TASK DIRECTIONS:
Without the pictures, print the lines running from the beginning of the material to the line containing "Raised Rib Round", both ends included.

GIVEN DATA:
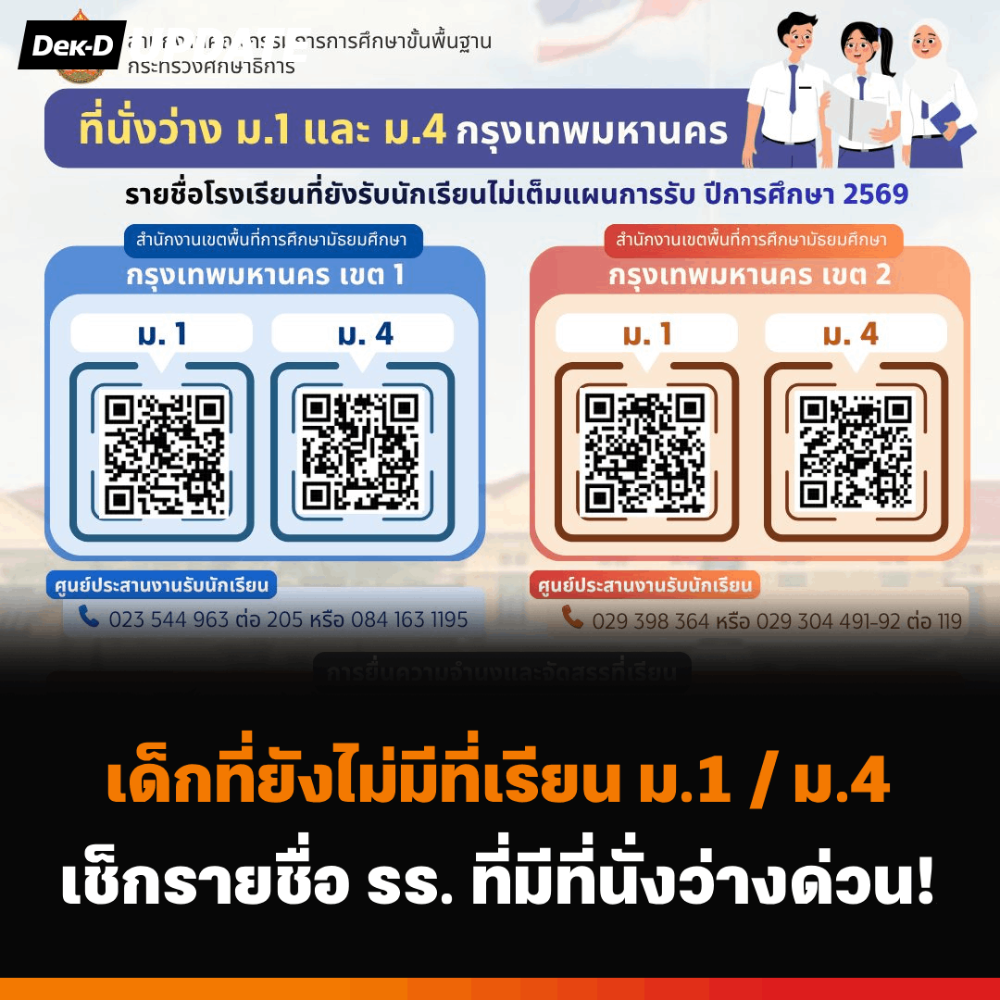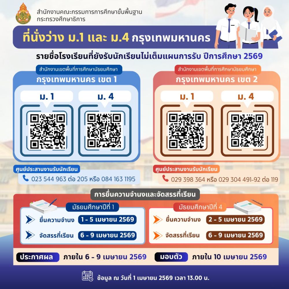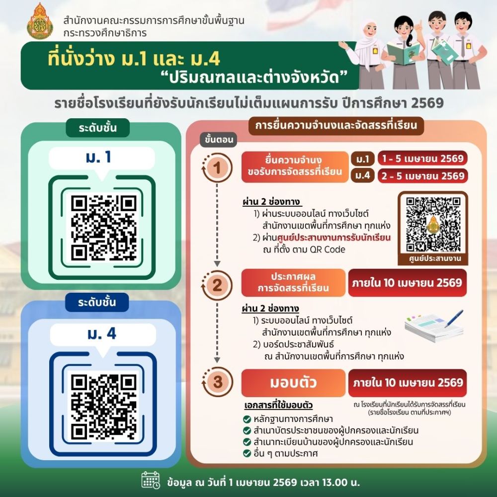 การสอบเข้าเรียนต่อระดับ ม.1 และ ม.4 ประกาศผลไปแล้ว แต่สำหรับนักเรียนที่ยังไม่มีที่เรียน สำนักงานคณะกรรมการการศึกษาขั้นพื้นฐาน (สพฐ.) ออกประกาศ ให้เด็กที่ยังไม่มีที่เรียน ประจำปีการศึกษา 2569 ตรวจสอบรายชื่อโรงเรียนที่มีที่นั่งว่าง โดยการสแกน QR Code และยื่นความจำนง ได้ที่สำนักงานเขตพื้นที่การศึกษา ใกล้บ้าน
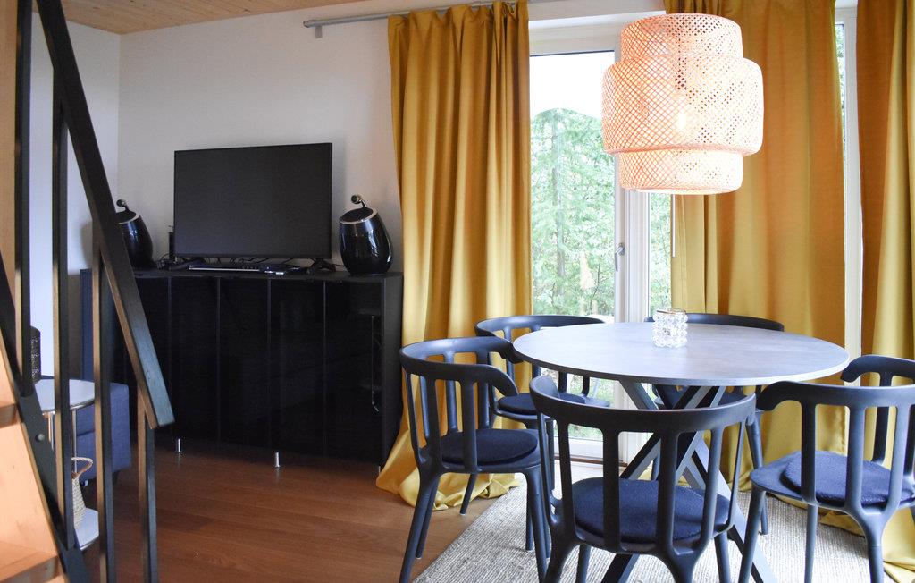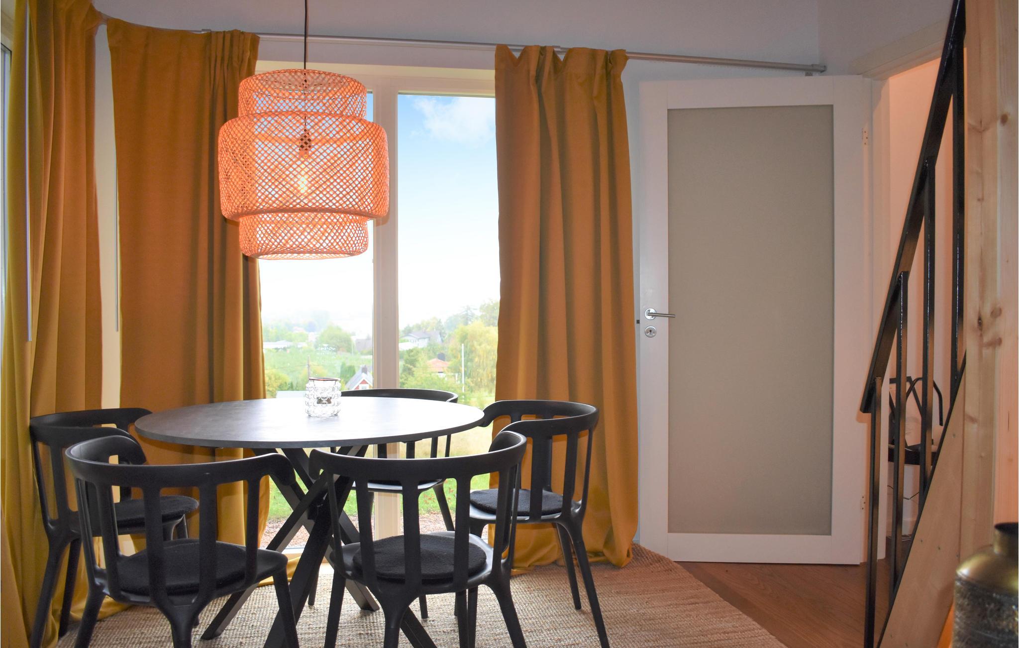 Velkommen til dette autentiske og moderne feriehus med udsigt over frugtplantagelandskabet. Her kan du selv prøve Tiny House-trenden og tilbringe en dejlig ferie i området Tollarp. Inde i huset finder du moderne og praktiske møbler. I stueetagen kan I samles ved spisebordet, mens feriemåltiderne tilberedes i det åbne køkken. Soveområdet er på hemsen, hvortil stejle trapper fører. Takket være smart-tv, kabel-tv og WiFi er det garanteret ikke kedeligt selv på kølige dage.
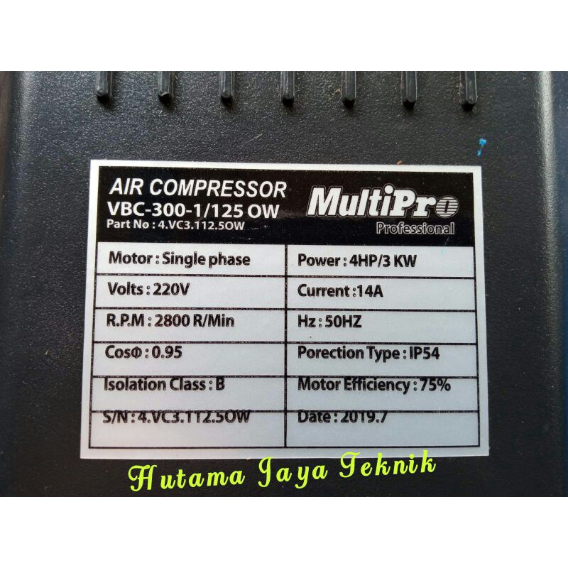 Kompresor Angin Multipro 4 HP 1 Phase Pas Fas VBC-300-1/125 OW 4 HP 1 Phase 125 Liter
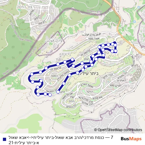 Bus 7 - כנסת מרדכי/הרב אבא שאול-ביתר עילית<->אבא שאול א-ביתר עילית-21 in Jerusalem: Stops & Timetable
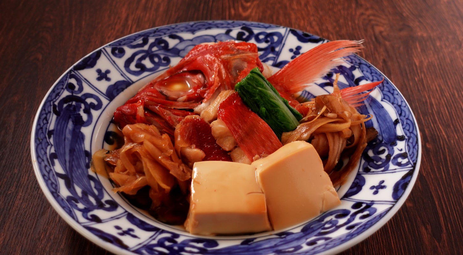 旨みのある脂が堪能出来る金目鯛の煮付けは、板前が特にお勧めする一品です。煮汁も楽しめるよう、ようにガリやごぼう、豆腐などもお入れしました。
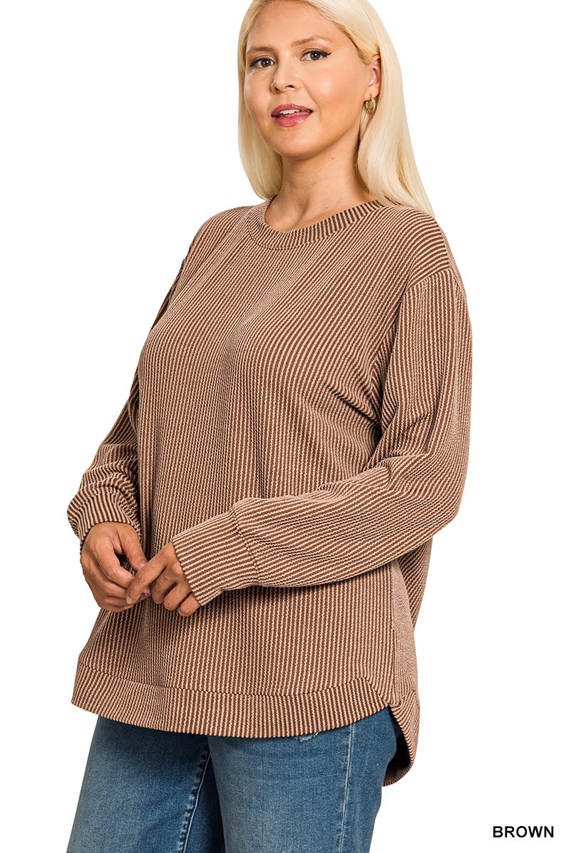 Raised Rib Round Neck Long Sleeve Top - Curvy
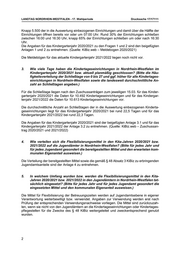 LANDTAG NORDRHEIN-WESTFALEN - 17. Wahlperiode Drucksache 17/17111 Knapp 5.500 der in die Auswertung einbezogenen Einrichtungen und damit über die Hälfte der Einrichtungen öffnen bereits vor oder um 07:00 Uhr. Rund 30% der Einrichtungen schließen zwischen 16:00 und 16:30 Uhr, knapp 65% der Einrichtungen schließen um oder nach 16:30 Uhr. Die Angaben für das Kindergartenjahr 2020/2021 zu den Fragen 1 und 2 sind den beigefügten Anlagen 1 und 2 zu entnehmen. (Quelle: KiBiz.web – Meldebogen 2020/2021) Die Meldebögen für das aktuelle Kindergartenjahr 2021/2022 liegen noch nicht vor. 3. Wie viele Tage haben die Kindertageseinrichtungen in Nordrhein-Westfalen im Kindergartenjahr 2020/2021 bzw. aktuell planmäßig geschlossen? (Bitte die Häu- figkeitsverteilung der Schließtage von 0 bis 27 und ggf. höher für alle Kindertages- einrichtungen in Nordrhein-Westfalen sowie die landesweit durchschnittliche An- zahl an Schließtagen angeben.) Für die Schließtage liegen nach den Zuschussanträgen zum jeweiligen 15.03. für das Kinder- gartenjahr 2020/2021 die Daten für 10.492 Kindertageseinrichtungen und für das Kindergar- tenjahr 2021/2022 die Daten für 10.613 Kindertageseinrichtungen vor. Die durchschnittliche Anzahl an Schließtagen der in die Auswertung einbezogenen Kinderta- geseinrichtungen liegt für das Kindergartenjahr 2020/2021 bei rund 22,5 Tagen und für das Kindergartenjahr 2021/2022 bei rund 22,3 Tagen. Die Angaben für das Kindergartenjahr 2020/2021 sind der beigefügten Anlage 3.1 und für das Kindergartenjahr 2021/2022 der Anlage 3.2 zu entnehmen. (Quelle: KiBiz.web – Zuschussan- trag 2020/2021 und 2021/2022) 4. Wie verteilen sich die Flexibilisierungsmittel in den Kita-Jahren 2020/2021 bzw. 2021/2022 auf die Jugendämter in Nordrhein-Westfalen? (Bitte für jedes Jahr und für jedes Jugendamt gesondert die bereitgestellten Mittel und den erwarteten kom- munalen Eigenanteil ausweisen.) Die Verteilung der bereitgestellten Mittel sowie die gemäß § 48 Absatz 3 KiBiz zu erbringenden Jugendamtsanteile sind der Anlage 4 zu entnehmen. 5. In welchem Umfang wurden bzw. werden die Flexibilisierungsmittel in den Kita- Jahren 2020/2021 bzw. 2021/2022 in den Jugendämtern in Nordrhein-Westfalen tat- sächlich eingesetzt? (Bitte für jedes Jahr und für jedes Jugendamt gesondert die eingesetzten Mittel und den kommunalen Eigenanteil ausweisen.) Die Mittel für Flexibilisierung der Betreuungszeiten werden auf Jugendamtsebene in eigener Verantwortung weiterbewilligt bzw. verwendet. Angaben zur Verwendung werden erst nach Prüfung der entsprechenden Verwendungsnachweise vorliegen. Die Mittel sind zurückzuzah- len, wenn sie nicht von den Jugendämtern an die Kindertageseinrichtungen oder Kindertages- pflegestellen für die Zwecke des § 48 KiBiz weitergeleitet und zweckentsprechend genutzt wurden. 2
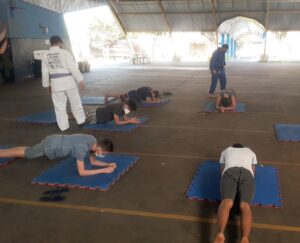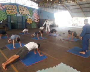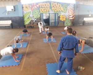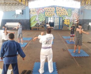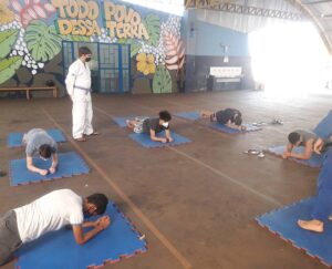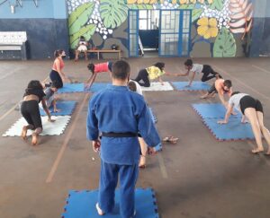 Nesta primeira aula, foi realizado um treino com a turma da escola Emeb Esther Vianna, através de nosso Sensei Felipe Galina, onde foi realizado alongamento e alguns treinos de execução de movimentos do Judô.
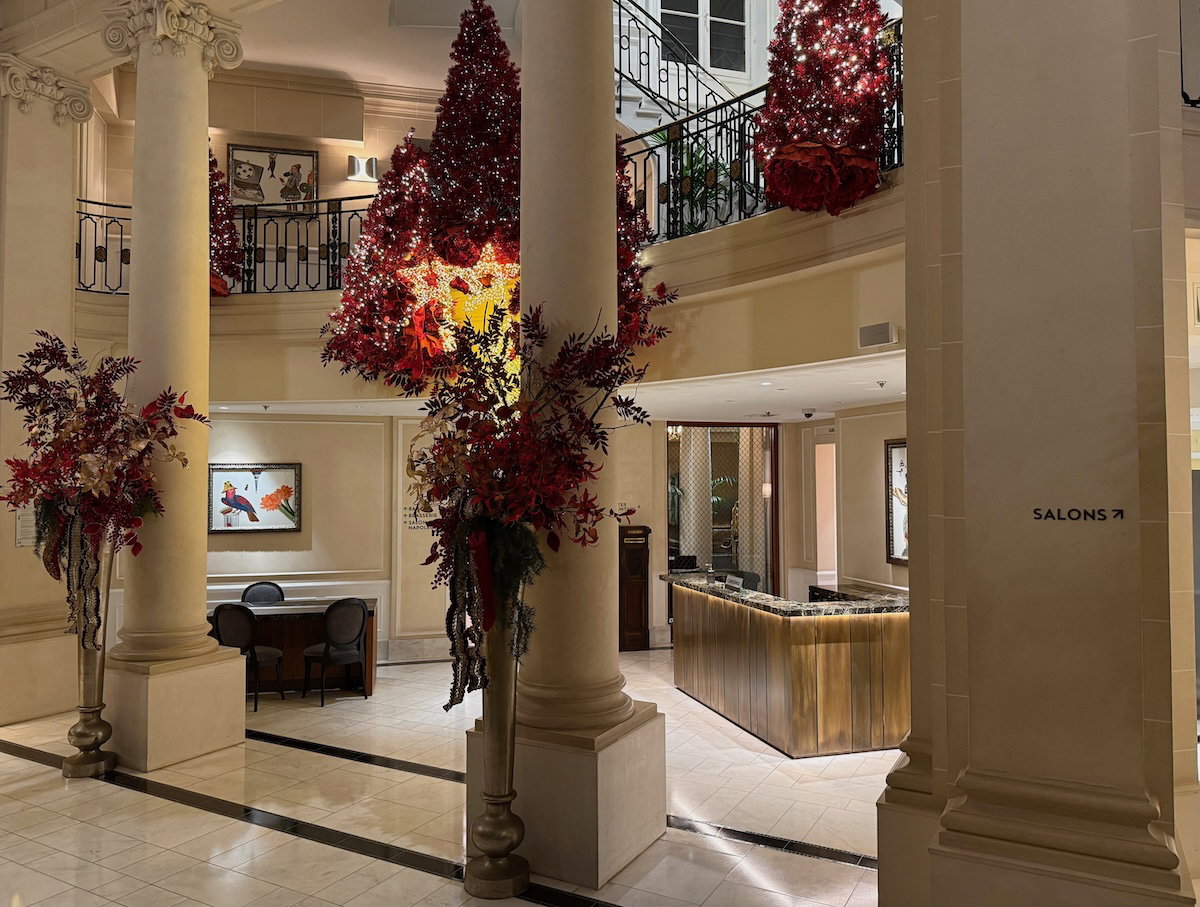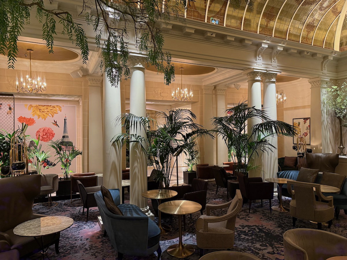 Hotel du Louvre Paris has such an old world feel the second you step into the lobby, in the best way possible. The lobby spans two levels, with lots of historic design elements.
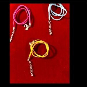 Premier Designs Leather Cord Necklaces (3) Pink, Blue, Yellow

ANSWER FOR THE TASK:
 การสอบเข้าเรียนต่อระดับ ม.1 และ ม.4 ประกาศผลไปแล้ว แต่สำหรับนักเรียนที่ยังไม่มีที่เรียน สำนักงานคณะกรรมการการศึกษาขั้นพื้นฐาน (สพฐ.) ออกประกาศ ให้เด็กที่ยังไม่มีที่เรียน ประจำปีการศึกษา 2569 ตรวจสอบรายชื่อโรงเรียนที่มีที่นั่งว่าง โดยการสแกน QR Code และยื่นความจำนง ได้ที่สำนักงานเขตพื้นที่การศึกษา ใกล้บ้าน
 Velkommen til dette autentiske og moderne feriehus med udsigt over frugtplantagelandskabet. Her kan du selv prøve Tiny House-trenden og tilbringe en dejlig ferie i området Tollarp. Inde i huset finder du moderne og praktiske møbler. I stueetagen kan I samles ved spisebordet, mens feriemåltiderne tilberedes i det åbne køkken. Soveområdet er på hemsen, hvortil stejle trapper fører. Takket være smart-tv, kabel-tv og WiFi er det garanteret ikke kedeligt selv på kølige dage.
 Kompresor Angin Multipro 4 HP 1 Phase Pas Fas VBC-300-1/125 OW 4 HP 1 Phase 125 Liter
 Bus 7 - כנסת מרדכי/הרב אבא שאול-ביתר עילית<->אבא שאול א-ביתר עילית-21 in Jerusalem: Stops & Timetable
 旨みのある脂が堪能出来る金目鯛の煮付けは、板前が特にお勧めする一品です。煮汁も楽しめるよう、ようにガリやごぼう、豆腐などもお入れしました。
 Raised Rib Round Neck Long Sleeve Top - Curvy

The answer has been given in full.